アルカリ抽出がうまくできません

アルカリ法でプラスミドを抽出しましたが、何回やっても目的のDNA断片と他にそれより大きいバンドが出ます。今ある大小混ざったプラスミドの懸濁液から目的のプラスミドのみにする方法や、プラスミド抽出できれいに抽出するこつがありましたら教えてください。

No.2 ベストアンサー 回答者： geneticist12 回答日時： 2005/06/20 17:58

抽出したプラスミドは、一般的に次の３つのフォームをとります。

１．CCC (Covalently Closed Circular) または、Super coil：intact（無傷）のプラスミドで、２重らせんがきつく巻いて、プラスミド自体がコンパクトによじれている状態。
2. OC (Open Circular)：プラスミド分子内で少なくとも一箇所、二重鎖の一方に切れ目（nick)が生じたため、cccの状態を保てなくなって、開いた輪っかになった状態。
3. Linear : プラスミド分子内で、同じカ所で二重鎖の両方に切れ目が入って、線状になった状態。
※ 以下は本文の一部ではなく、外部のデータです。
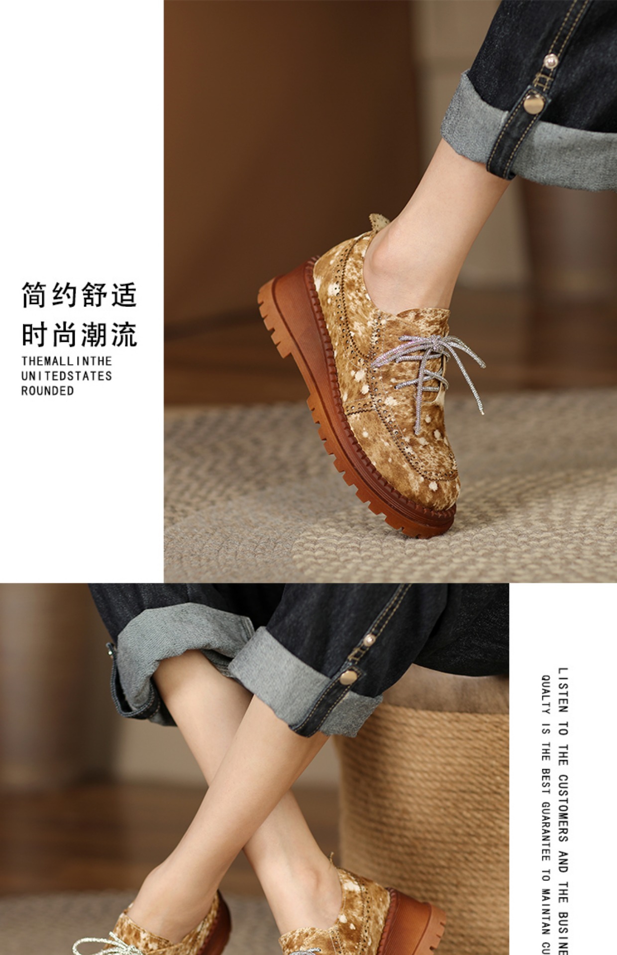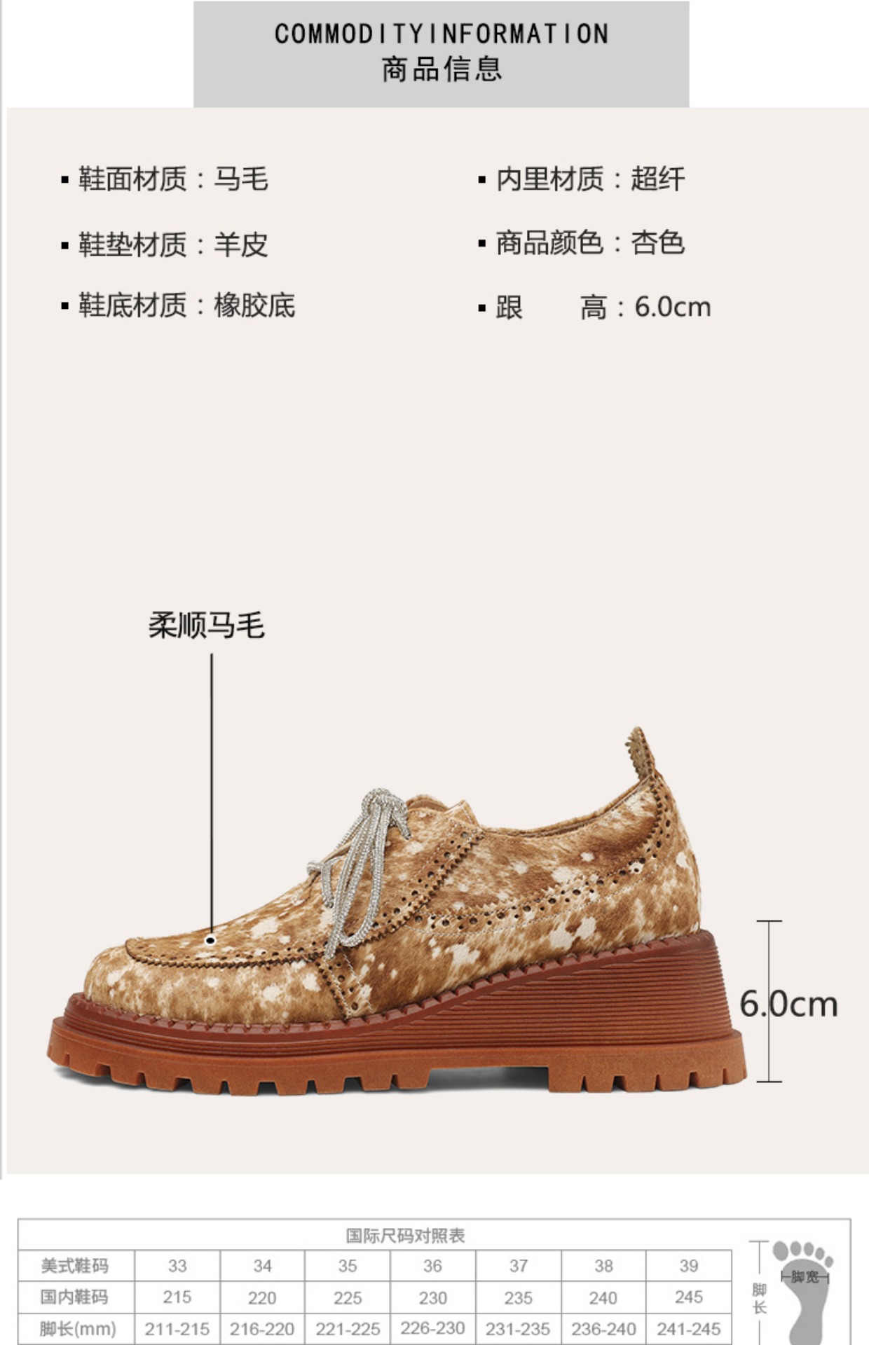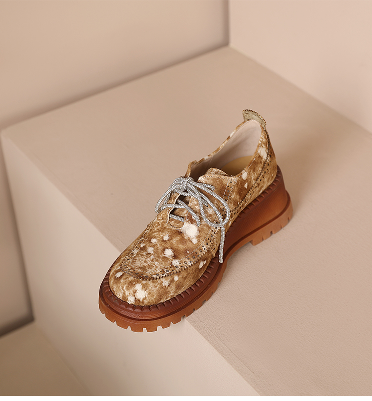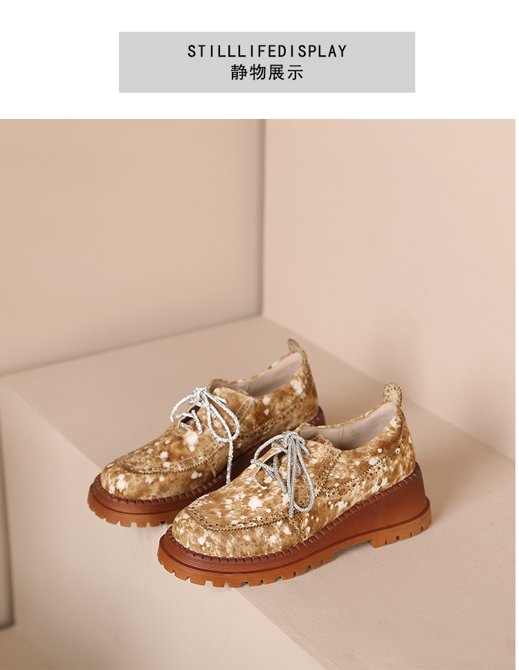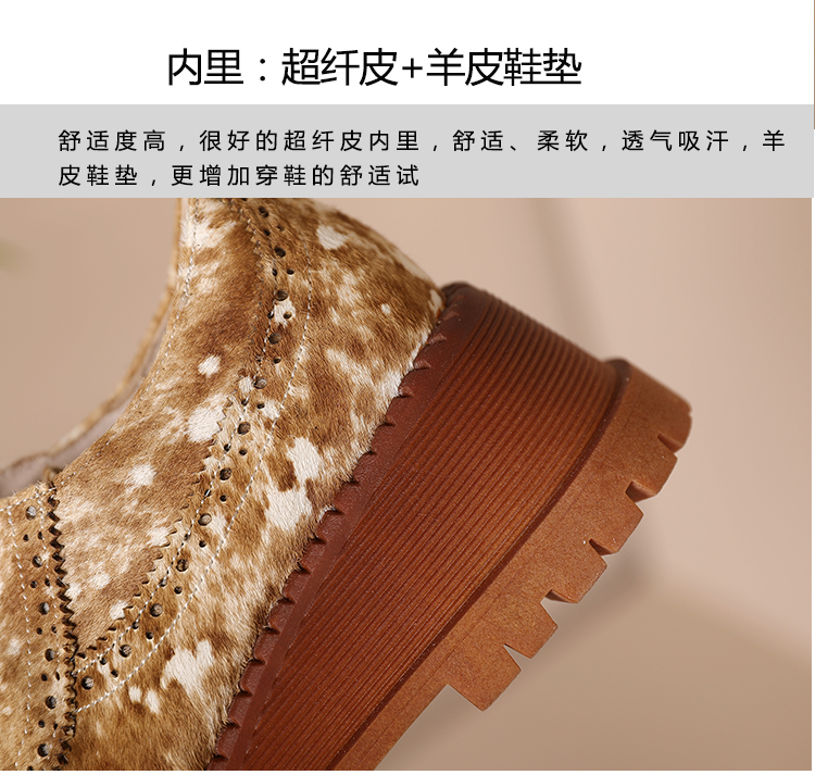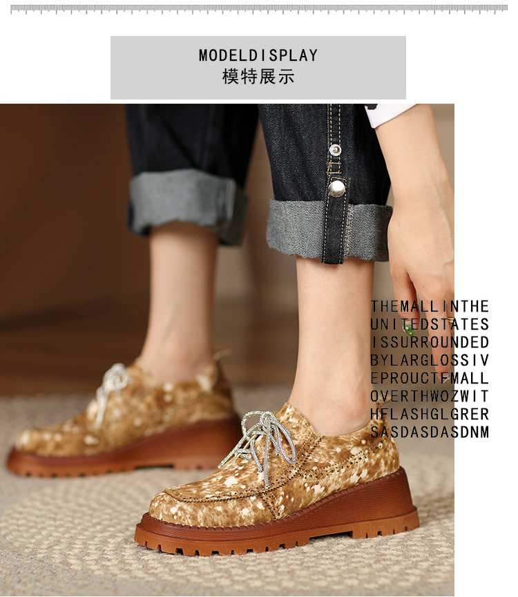 杨小东气质布洛克真皮平底单鞋女原创新款春秋圆头坡跟厚底松糕鞋

一般的な電気泳動の条件では、CCCが格段に早く移動し、Linear（もちろん分子量マーカーと比較するとプラスミドの塩基数に一致します）、OCはほぼ同じくらいの移動度です（泳動条件によって前後します）。

大小さまざまなプラスミドというのが、これら３態のことなら、たいていの目的にはそのまま使えますので、あまり気にしなくてもいいです。
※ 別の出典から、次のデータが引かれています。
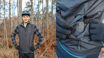 Die Allgäuer von Vaude gelten als Vorreiter in Sachen Nachhaltigkeit: Ihr Polyestergarn basiert auf recycelten Plastikflaschen. Die Minaki II ist eine Fleecejacke mit winddichtem Torso-Bereich. Auf Trail und Tour wärmt sie bei niedrigen Wintertemperaturen, trägt sich aber auch bei frühlingshaften Bedingungen angenehm, ohne dass man ins Schwitzen gerät. Geschnitten ist sie eher eng, der Stoff liegt angenehm wärmend auf der Haut. Die Reißverschlüsse lassen sich dank kleiner Seil Anhänger auch mit kalten Fingern oder Handschuhen problemlos bedienen. Bei Regen oder schlammigen Trail-Bedingungen empfiehlt sich die nicht wasserdichte Vaude vor allem als wärmende Schicht unter einer Regenjacke.
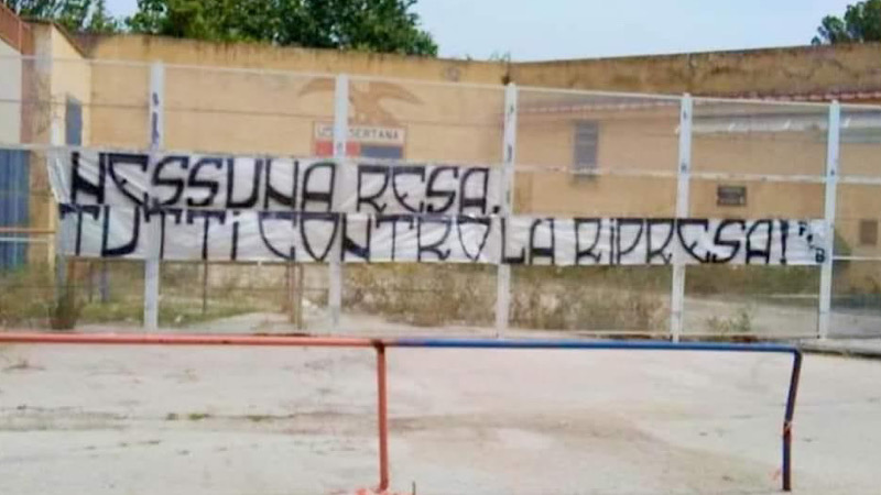 A schierarsi al fianco delle tante tifoserie che sono scese in campo con forza per dire no alla ripresa dei campionati, si è unita anche quella della Casertana. I supporter rossoblù, o meglio, la frangia appartenente ai Fedayn Bronx, hanno palesato il proprio dissenso contro un’eventuale ripresa dei campionati con un chiaro messaggio. La parte più calorosa della tifoseria rossoblù quest’oggi, di fatto, ha esposto uno striscione in città che recita: “Nessuna resa. Tutti contro la ripresa”.
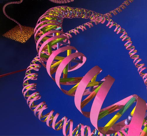 1953年4月25日,世界權(quán)威雜志《自然》雜志發(fā)表了沃森、克里克的一篇900多字優(yōu)美精煉的短文,宣告了DNA分子雙螺旋結(jié)構(gòu)模型的誕生。這個(gè)結(jié)構(gòu)模型的要義是:DNA是一個(gè)長長的雙鏈分子,由兩條同軸反向相互纏繞的多核苷酸鏈組成,外側(cè)是由脫氧核糖和磷酸根組成的分子骨架,中間是由互補(bǔ)的堿基對(duì)組成的階梯,堿基配對(duì)方式是A配T,C配G;堿基對(duì)間距為0.34納米,每10個(gè)堿基對(duì)形成一個(gè)螺旋周期,螺旋直徑為1納米。這個(gè)模型既能從螺旋性、分子直徑、堿基對(duì)的幾何學(xué)尺度等方面闡明X射線衍射圖像,又能以堿基專一性互補(bǔ)配對(duì)來解釋查伽夫當(dāng)量定律。DNA雙螺旋結(jié)構(gòu)是一個(gè)極為成功、無懈可擊的DNA分子結(jié)構(gòu)模型,它由兩條右旋但反向的鏈在同一個(gè)軸上盤而成,像一個(gè)螺旋形的梯子,生命的遺傳密碼就列在梯子橫檔上。據(jù)科學(xué)家統(tǒng)計(jì),一個(gè)體細(xì)胞的全部DNA“螺旋樓梯”長約2米。若將一個(gè)人的全部DNA連接起來,可以在地球和太陽之間扯上80個(gè)來回。 DNA分子雙螺旋結(jié)構(gòu)模型的發(fā)現(xiàn),是生物學(xué)史上的一座里程碑; 1962年,沃森、克里克因發(fā)現(xiàn)DNA分子結(jié)構(gòu),與改進(jìn)了X射線衍射技術(shù)的威爾金斯一起獲得了諾貝爾醫(yī)學(xué)或生理學(xué)獎(jiǎng)。
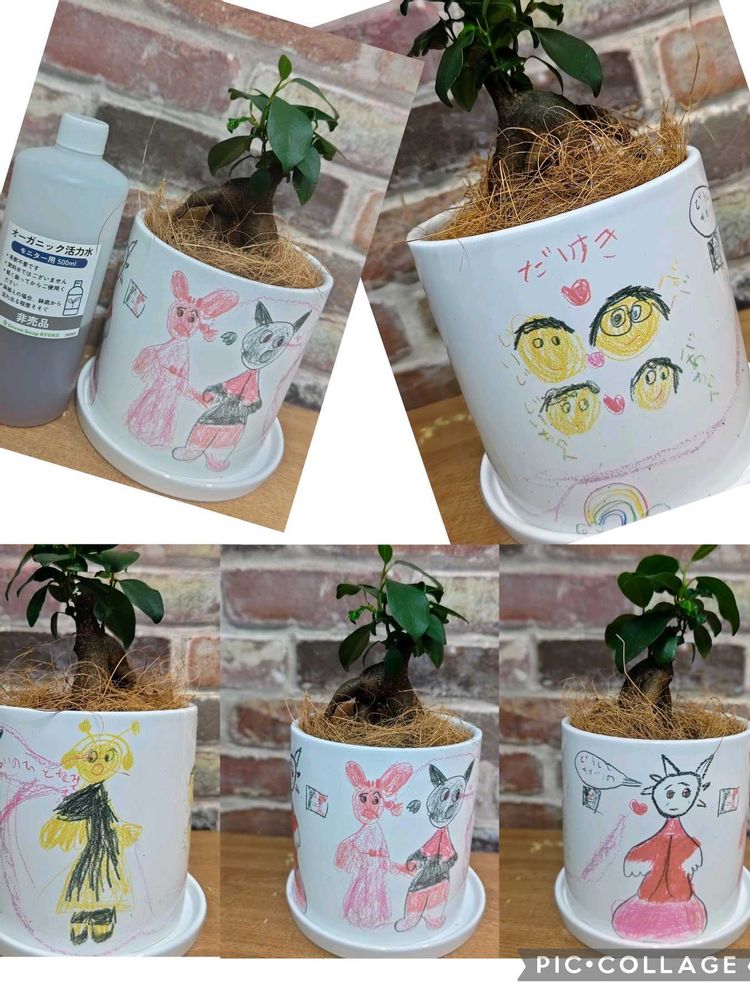 孫たちが描いた絵を、エアブラシで吹き付け加工したプリントのカバーの植木鉢。お花の宅急便📦️で送られてきて(4/2着)、ちょっと元気なくしてました😅
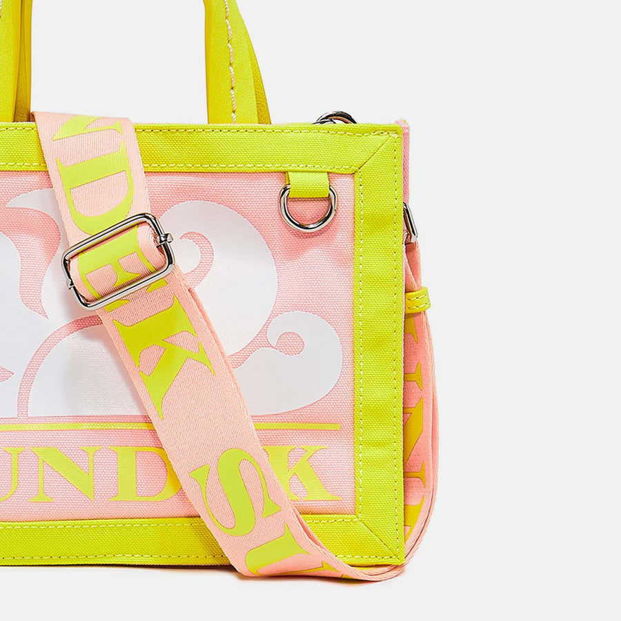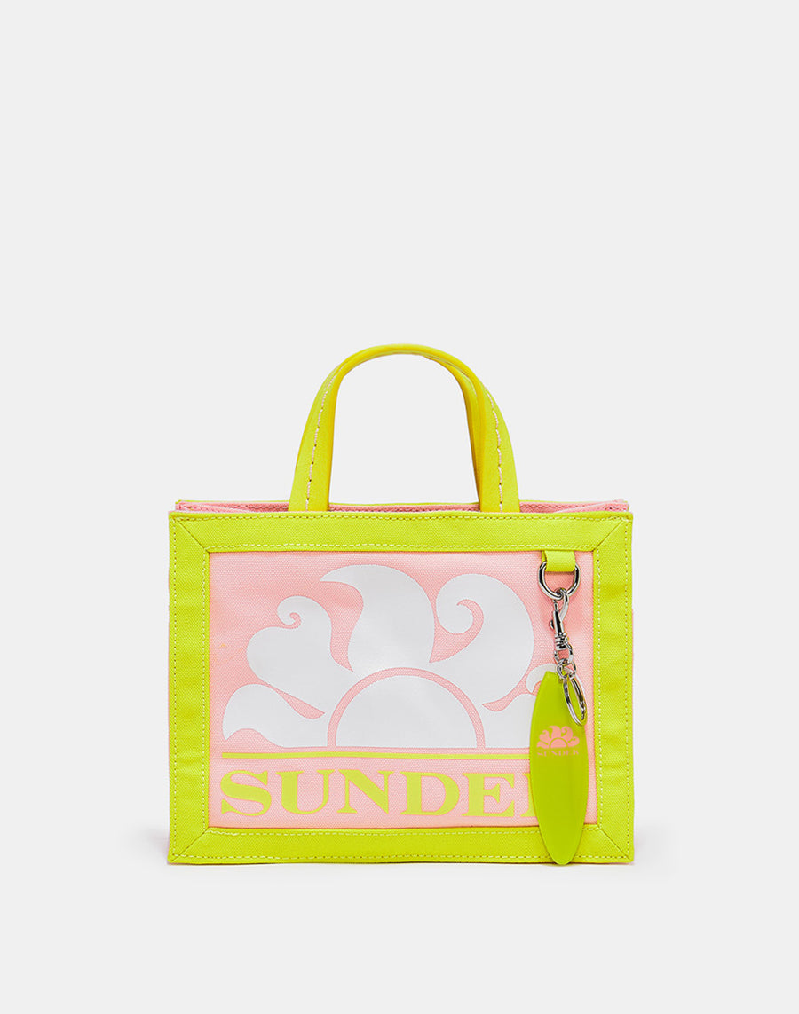 Borsa piccola da portare a mano o con tracolla. In canvas con logo stampato e tracolla rimovibile. Charm con la caratteristica forma di tavola da surf che richiama la storia di Sundek

ただし、無傷のCCCではなくてはまずい実験もあります（in vitro translationなど）。厳密な実験には、塩化セシウム密度こう配超遠心でCCCを単離したりします。そうまでしないにしても、なるべくCCCの状態で精製するのにこしたことはありません。
そのために、注意すべき点は、
1. アルカリ処理の時間を過剰にしない。手早くかつ優しくまぜて、すぐ氷のうえに。
2. フェノール処理で激しく、長時間振らない。ボルテックスならごく短時間で。できれば手でinverting して混ぜた方がよいと思います。また、フェノールが古くて酸化変性していると、nickが入りやすいという話も聞きます。


別の可能性として、大腸菌のゲノムDNAがコンタミしているのかもしれません。これだと、ウェルに非常に近いところにバンドが見え、スメアーになります。これを防ぐには、アルカリ処理、塩析のときに激しく振らないこと。ゲノムDNAが断片化して沈殿として取り除きにくくなります。また塩析後、上澄みをとるときに沈殿を吸わないこと。塩を加えると同時に、クロロフォルムを一滴たらしておくと、遠心後、沈殿が底の方にパックされるので操作が楽です。

No.1 回答者： alice_with_tak 回答日時： 2005/06/20 16:16

さまざまなバンドが出てくるとのことですが、それはすべて同じものです。

プラスミドDNAはさまざまな構造をとるため、制限酵素処理をしないで電気泳動すると2～3個のバンドがどうしても出現します。